I often refer to a health scare I had in early 1999 as the seminal moment when I decided there were certain things I needed to come to terms with if my life was to continue – my sexuality, my gender issues, my relationship with my parents, my experience of sexual abuse, the drug use, the self harming, the suicide ideation and attempts and the self-loathing that was the by-product of all the rest – but in fact this was just a signpost and the process had begun while I was traveling alone in Europe and America with time to think and reflect.
It was only the moment of decision that needed to be polarized.
Addressing the issues is one thing, living at the address that process takes you to is quite another as you can only know what it is you know until you learn something new.
And new can be scary, obscure, perplexing, downright dangerous.
It can also be liberating and it has proved so for me.
And it can be put down to milestones and signposts – not necessarily recognizing them at the time, but being open to them, understanding that they are there for all of us, and being prepared to shed the skin that is past its use-by date.
Sitting, blubber-like, in a pool of terrified sweat while experiencing turbulence over Fiji on the outward journey became, within 16 hours, a total excitement at landing in Toronto in the snow.
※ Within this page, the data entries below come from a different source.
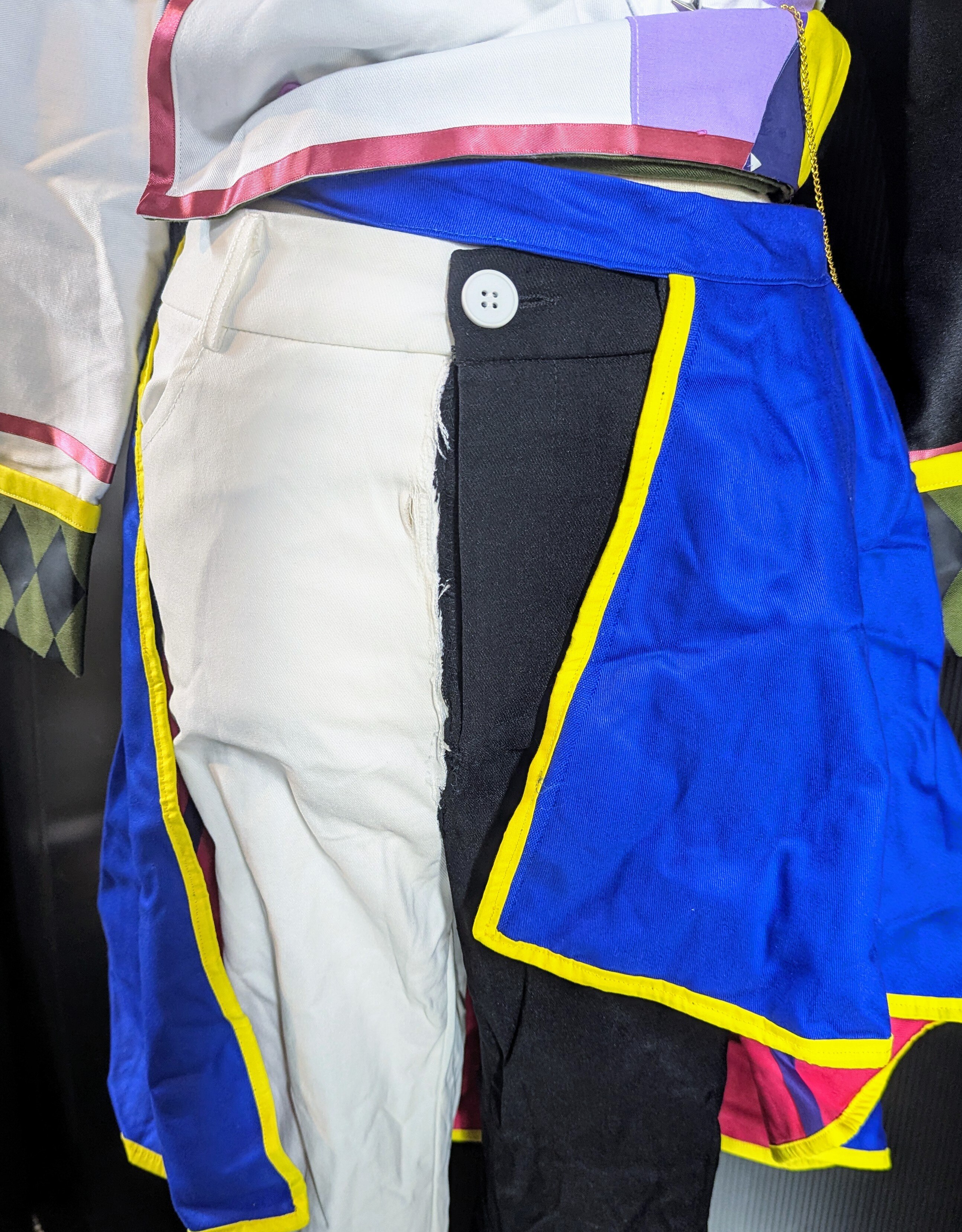 状態 : シャツ欠。リボン色移り有り。パンツイタミ。(状態:4) 製作 : 個人製 サイズ : 女性Lサイズ位(日本標準サイズ/サイズ詳細はお問い合わせ下さい) セット内容 : ジャケット、パンツ、腰巻、ネックリボン、手袋 ※セット内容以外の物は含まれません。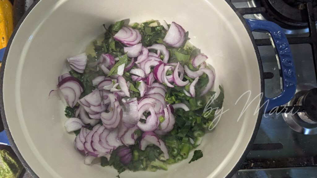 2. Основа вкуса. Выложи нарезанный полукольцами красный лук и сельдерей, слегка обжарь до мягкости.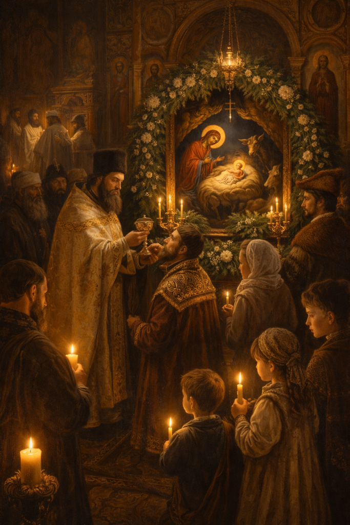 Christmas Eve is often observed with heightened restraint—sometimes until the first star appears—symbolizing watchful expectation for Christ’s birth.Night Vigil & Divine Liturgy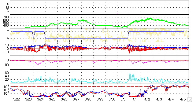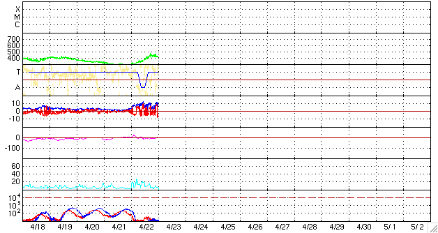 ACEが観測した太陽風の磁場(1番上の枠、白線は全体の強度、赤線は南北成分) および、太陽風の密度(3番目の橙線)、速度(4番目の黄線) (c) NOAA/SEC ![]() リアルタイムAE指数 下段のAEグラフの値が高くなると、オーロラ活動が活発化しています。 (c) 京都大学, NICT ![]() 27日の太陽周期に合わせたデータプロット 太陽が同じ面を地球に向けていた27日前の変化から、今後を予想することができます。 (c) NICT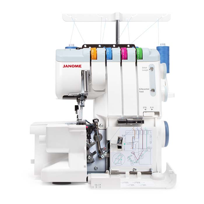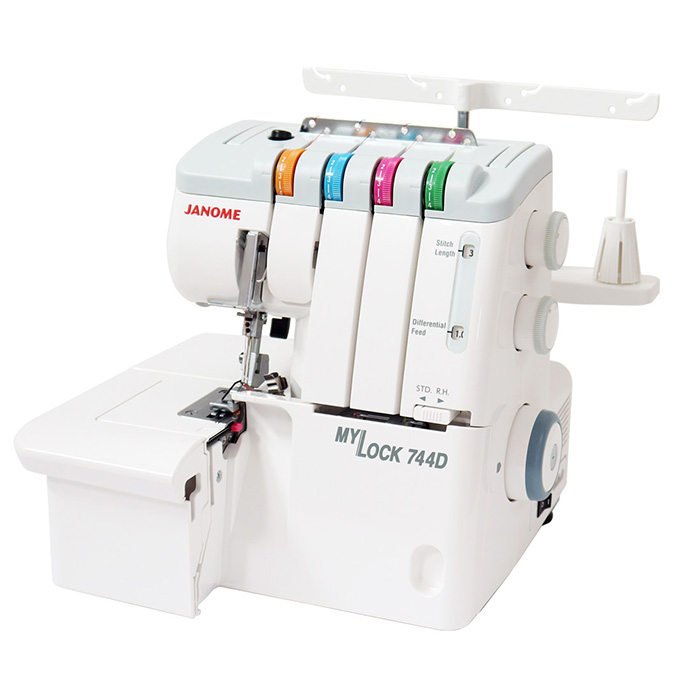 Vdevanje sukanca je enostavno, saj stroj vključuje barvno shemo za hitro in pravilno vdevanje ter samodejno vdevanje v spodnji lovilec. Janome 744D omogoča enostavno spreminjanje šiva iz navadnega overlock šiva v rolirani rob (ozek, gosti volanček širok 1,5 mm) brez potrebe po menjavi vbodne plošče ali tačke, kar poenostavi uporabo.

Fear of flying as I left Christchurch turning to vivid joy as I took off for New York in a snow-storm in an Air Canada rust-bucket with graffiti on the walls and toilets that didn’t flush barely 24 hours later.
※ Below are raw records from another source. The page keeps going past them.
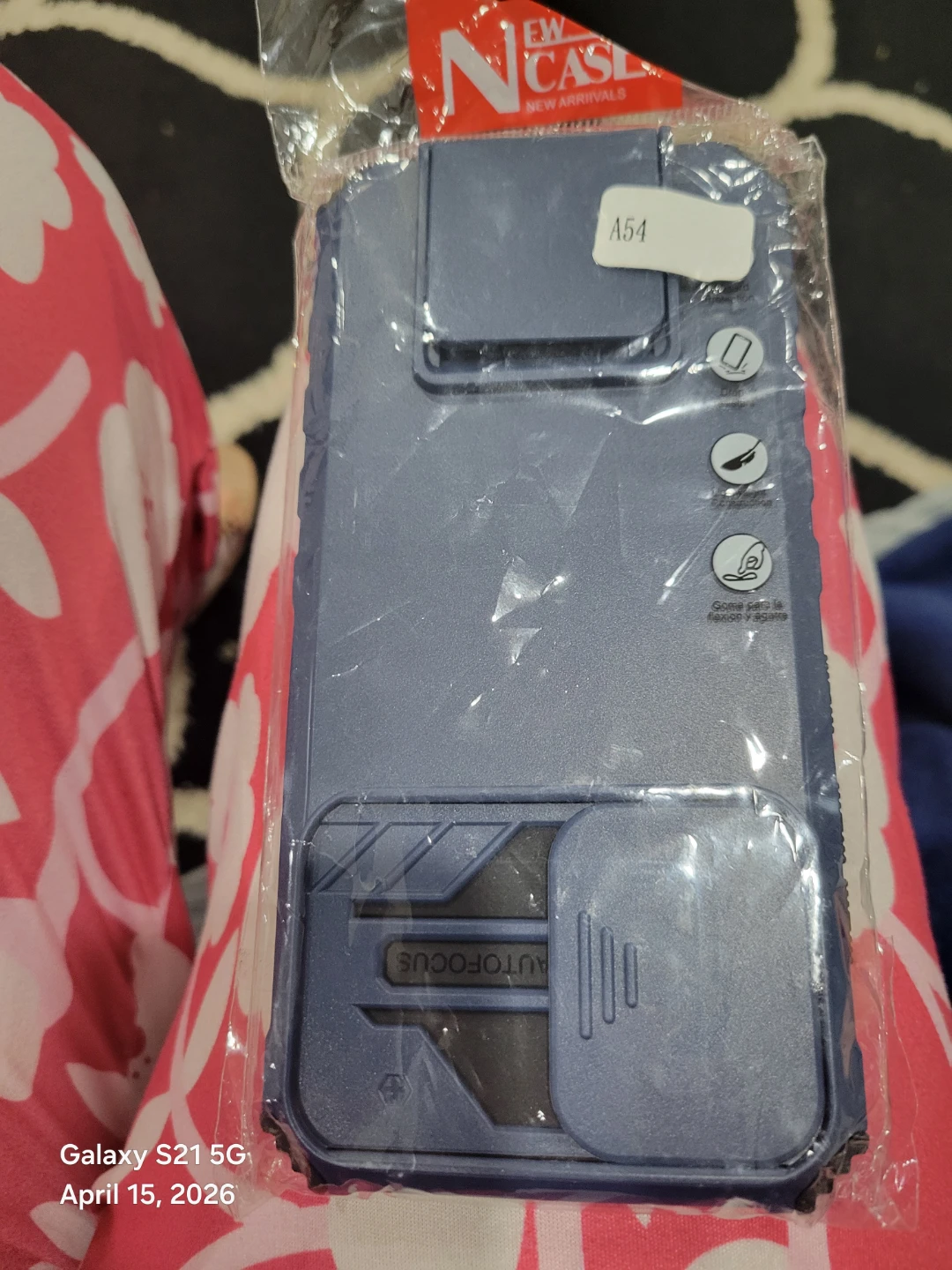 Protective case for Samsung Galaxy S21 5G with an autofocus camera cover. Made of durable material in a blue colour. A54 model designation on sticker.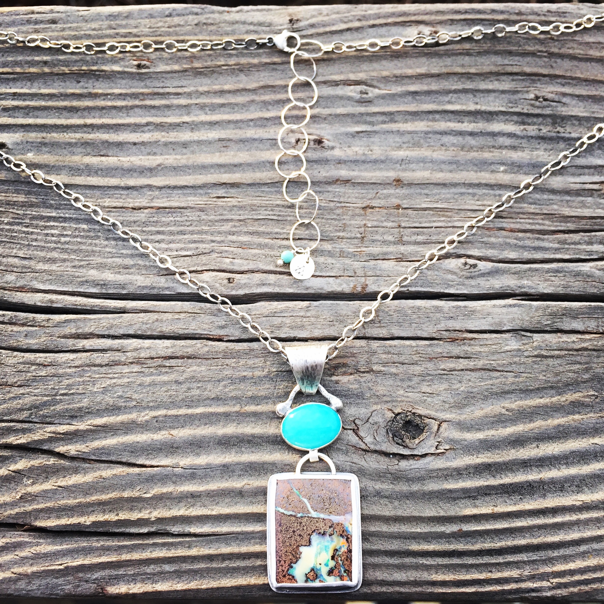 Pendant: Boulder Opal, Turquoise, Sterling Silver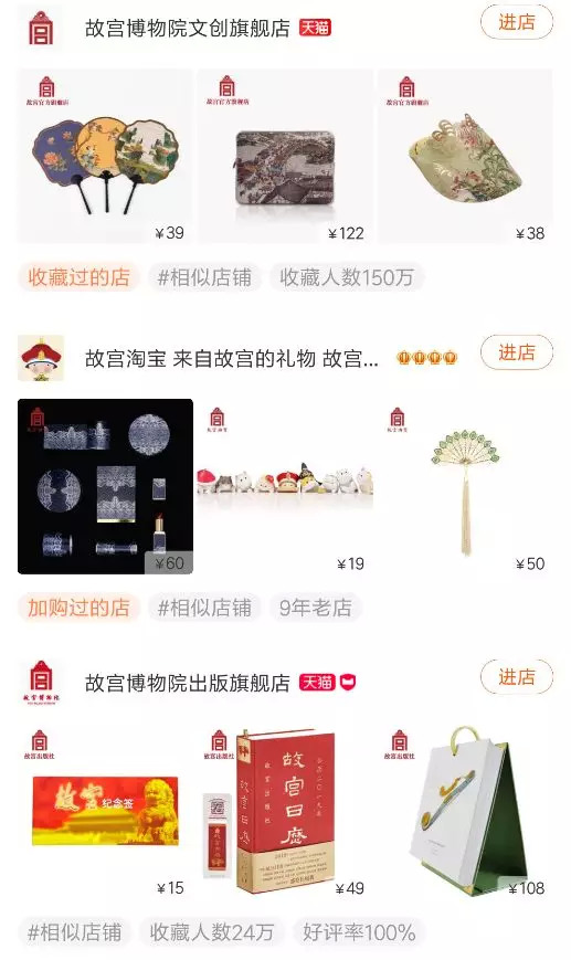 淘宝上,故宫博物院相关的官方店铺就有3家:售卖文化创意生活用品的故宫博物院文创旗舰店、主打萌系路线并助推故宫成为“网红”的故宫淘宝以及出售书籍字画的故宫博物院出版旗舰店。

As always, it seems to be art that does it for me and from which I gain my deepest insights.
No mind of my own?
Quite possibly.
Paul Simon puts it best for me, the cynicism of a life lived on the edge of experience. I used to think that this was me, now I think it’s a pretty tune about someone else.
It’s a still life water color,
Of a now late afternoon,
As the sun shines through the curtained lace
And shadows wash the room.
And we sit and drink our coffee
Couched in our indifference,
Like shells upon the shore
You can hear the ocean roar
In the dangling conversation
And the superficial sighs,
Are the borders of our lives.
And you read your Emily Dickinson,
And I my Robert Frost,
And we note our place with bookmarkers
That measure what we’ve lost.
Like a poem poorly written
We are verses out of rhythm,
Couplets out of rhyme,
In syncopated time
Lost in the dangling conversation
And the superficial sighs,
Are the borders of our lives.
Yes, we speak of things that matter,
With words that must be said,
“Can analysis be worthwhile?”
“Is the theatre really dead?”
And how the room is softly faded
And I only kiss your shadow,
I cannot feel your hand,
You’re a stranger now unto me
Lost in the dangling conversation.
And the superficial sighs,
In the borders of our lives.
But I also know that if I get smug, the whole thing could dissolve in a puff of smoke.